Studio album by Violeta Parra
- Released: September 1957
- Genre: Chilean folklore
- Length: 50:31
- Label: Odeón

Violeta Parra chronology
| Chants et Danses du Chili II (1956) | Canto y guitarra (1957) | El folklore de Chile Volumen 2 (1958) |

= Canto y guitarra =

Canto y guitarra, also known as El folklore de Chile, is an album by Violeta Parra released on the Odeón label in September 1957. It was Parra's first full-length album, released after her return from Europe where she had traveled for two years.

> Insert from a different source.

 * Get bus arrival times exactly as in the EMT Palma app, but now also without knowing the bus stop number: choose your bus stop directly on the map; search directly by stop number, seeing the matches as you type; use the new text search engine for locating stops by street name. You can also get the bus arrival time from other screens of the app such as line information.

The album included 17 songs, some of which are older folklore songs and others composed by Parra. Parra's compositions include "Verso por la niña muerta" which was inspired by the death of Parra's daughter, Rosita Clara, while Parra was in Europe. Another original composition, "Verso por despedida a Gabriela Mistral", was a tribute to the Chilean poet Gabriela Mistral who died in January 1957.

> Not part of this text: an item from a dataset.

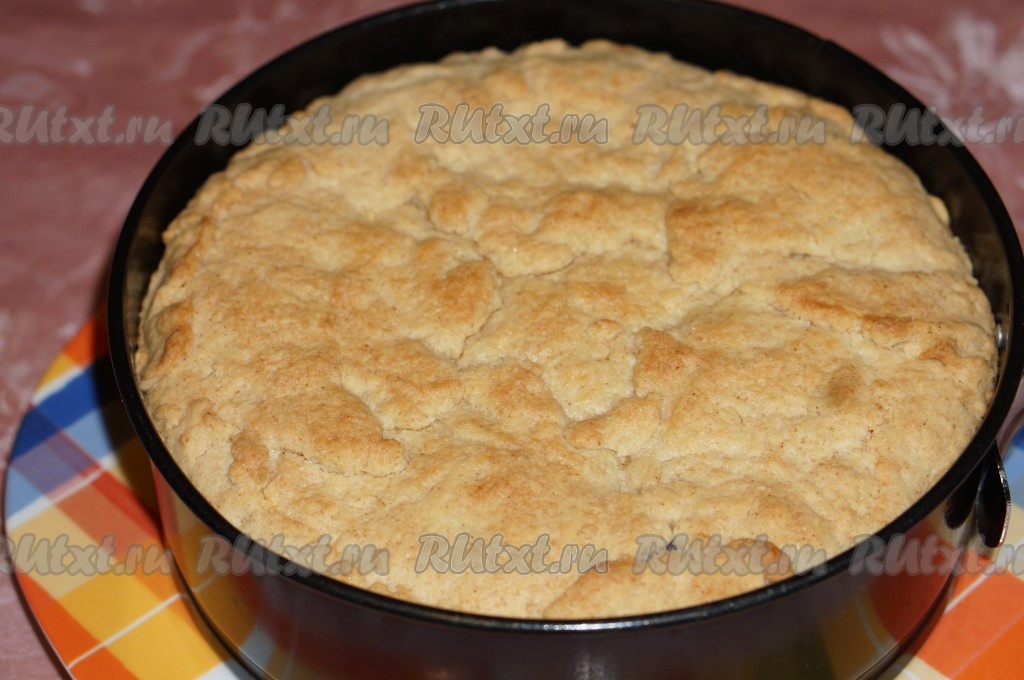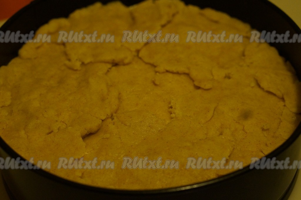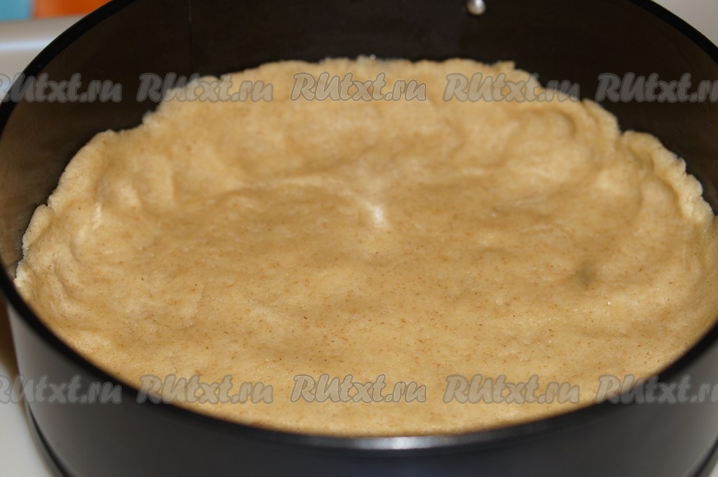 Две трети теста выложить в смазанную маслом форму. Распределить тесто по дну формы, сделав небольшие бортики.

The album cover features a portrait by G. Meisser and includes liner notes by Raúl Aicardi. The album's title reflects the fact that all of the songs are interpreted solely by Parra on voice and acoustic guitar.

==Track listing==
Side A
1. La inhumana (Refalosa)
2. Es aquí o no es aquí (Esquinazo)
3. Son tus ojos (Vals)
4. Parabienes al revés (Parabién) (Violeta Parra)
5. Tres cuecas punteadas (Solo de guitarra)
6. Verso por saludo
7. Ausencia (Habanera) (Tomás Gabino Ortiz)
8. Las naranjas (Tonada)
9. El sacristán (Polka)

Side B
1. Versos por la sagrada escritura (Canto a lo divino)
2. Viva la luz de Don Creador (Parabienes de novios)
3. El bergantín (Vals)
4. Verso por la niña muerta (Canto a lo humano) (Violeta Parra)
5. Tres polkas antiguas (Solo de guitarra)
6. Verso por despedida a Gabriela Mistral (Violeta Parra)
7. No habiendo como la maire (Tonada)
8. La paloma ingrata (Mazurka)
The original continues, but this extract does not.